Data provided:
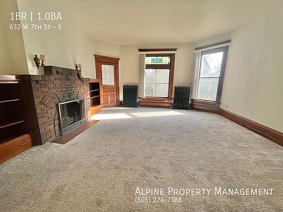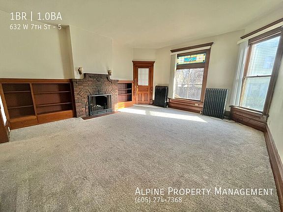 Call today to schedule a tour of this spacious ground floor 1 Bed apartment with tons of charm at 632 W. 7th St. #5 in Sioux Falls, SD! Located in the historic district this apartment has tons of character from the original build. The large family room features large south-facing stained glass windows and a stone fireplace (just for show) with built-in hardwood shelves surrounding! The vaulted ceilings make it feel even more expansive than it already is. There is a foldout dining table off the kitchen to help utilize the space, as well. The bedroom features 2 separate closet areas, one that is connected to your bathroom so you won't ever forget your bath towel! Other amenities include off-street parking, window a/c provided, garages for rent, and on-site coin operated laundry. - $50 application fee per adult - $745 security deposit - Tenants pay for electric - Landlord provides the heat, water, garbage, lawn/snow care! - Pet friendly(2 max) and non-smoking - Section 8 accepted if your voucher meets the marketed rent amount - Alpine Benefits included for $25/month extra (see website for full details) Professionally leased and managed by Alpine Property Management Garbage Heat Heat Water Garbage Lawn Snow Included With Rent!! Lawn And Snow Care Non Smoking On Site Laundry Online Tenant Portal Pet Friendly Show Fireplace Stove Tub Shower Water Window A/C Provided
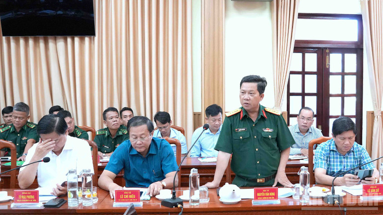 Báo cáo tại buổi làm việc, Đại tá Hà Văn Thanh, Chỉ huy trưởng Ban Chỉ huy Bộ đội Biên phòng Cà Mau cho biết, đơn vị hiện đang quản lý và bảo vệ bờ biển dài 310km, cùng vùng biển rộng lớn. Sau khi sáp nhập, đơn vị đã nhanh chóng ổn định tổ chức, tư tưởng, kiện toàn biên chế, thực hiện quy trình nhân sự và giải quyết chế độ chính sách cho cán bộ, quân nhân.
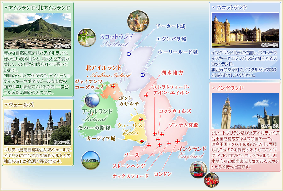イギリス旅行・ツアー・観光なら、クラブツーリズムにおまかせ!添乗員付きのツアーだから安心で快適です。イングランド、スコットランド、ウェールズ、北アイルランドなどの観光地や、英国のおすすめのツアーをご紹介。ツアーの検索・ご予約も簡単。

Exercise: The expected output is the exact run of lines from the first line of the material above through the line that contains "Báo cáo tại", minus any pictures.

Worked solution:
 Call today to schedule a tour of this spacious ground floor 1 Bed apartment with tons of charm at 632 W. 7th St. #5 in Sioux Falls, SD! Located in the historic district this apartment has tons of character from the original build. The large family room features large south-facing stained glass windows and a stone fireplace (just for show) with built-in hardwood shelves surrounding! The vaulted ceilings make it feel even more expansive than it already is. There is a foldout dining table off the kitchen to help utilize the space, as well. The bedroom features 2 separate closet areas, one that is connected to your bathroom so you won't ever forget your bath towel! Other amenities include off-street parking, window a/c provided, garages for rent, and on-site coin operated laundry. - $50 application fee per adult - $745 security deposit - Tenants pay for electric - Landlord provides the heat, water, garbage, lawn/snow care! - Pet friendly(2 max) and non-smoking - Section 8 accepted if your voucher meets the marketed rent amount - Alpine Benefits included for $25/month extra (see website for full details) Professionally leased and managed by Alpine Property Management Garbage Heat Heat Water Garbage Lawn Snow Included With Rent!! Lawn And Snow Care Non Smoking On Site Laundry Online Tenant Portal Pet Friendly Show Fireplace Stove Tub Shower Water Window A/C Provided
 Báo cáo tại buổi làm việc, Đại tá Hà Văn Thanh, Chỉ huy trưởng Ban Chỉ huy Bộ đội Biên phòng Cà Mau cho biết, đơn vị hiện đang quản lý và bảo vệ bờ biển dài 310km, cùng vùng biển rộng lớn. Sau khi sáp nhập, đơn vị đã nhanh chóng ổn định tổ chức, tư tưởng, kiện toàn biên chế, thực hiện quy trình nhân sự và giải quyết chế độ chính sách cho cán bộ, quân nhân.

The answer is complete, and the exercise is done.